I did not go get lunch.

I drove to the league’s administrative office, which was twelve minutes away, and I walked in with that printed policy in my hand.

The director, a woman named Pat Odom, looked up from her desk when I came through the door.

I put the paper on her desk.

I told her exactly what Coach Basham said, word for word, because I had typed it into my phone the second I got to the car.

She looked at the paper. She looked at her computer. She picked up her phone.

I don’t know who she called. But when she hung up, she said there would be a formal review and that Darnell should complete his tryout evaluation – TODAY – with a different evaluator present.
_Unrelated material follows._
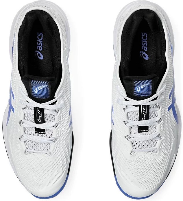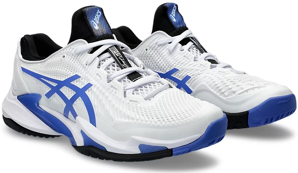 The Asics Men's Court FF 3 Tennis Shoes (White/Sapphire) are designed to reduce the load placed on the body, thus helping you swing stronger and recover quicker between shots.

My daughter Kezia’s sister, Renee, says I should’ve waited to see if Darnell made the team before escalating, that I might’ve embarrassed him or made things worse, and that now his name is “complicated” in the league before he’s even played a game.

My friends are split.

But I went back to that field with Darnell and the look on Coach Basham’s face when he saw me walk through that gate with Pat Odom –

What Darnell Knows and What He Doesn’t

He thought we went to McDonald’s.

That’s what I told him when he asked why we were driving away from the field. I said I needed something to eat and we’d go back in a little while. He asked if he could get a McFlurry. I said yes. Then I drove to the league office and left him in the car with my phone playing YouTube, and I was in and out in under fifteen minutes.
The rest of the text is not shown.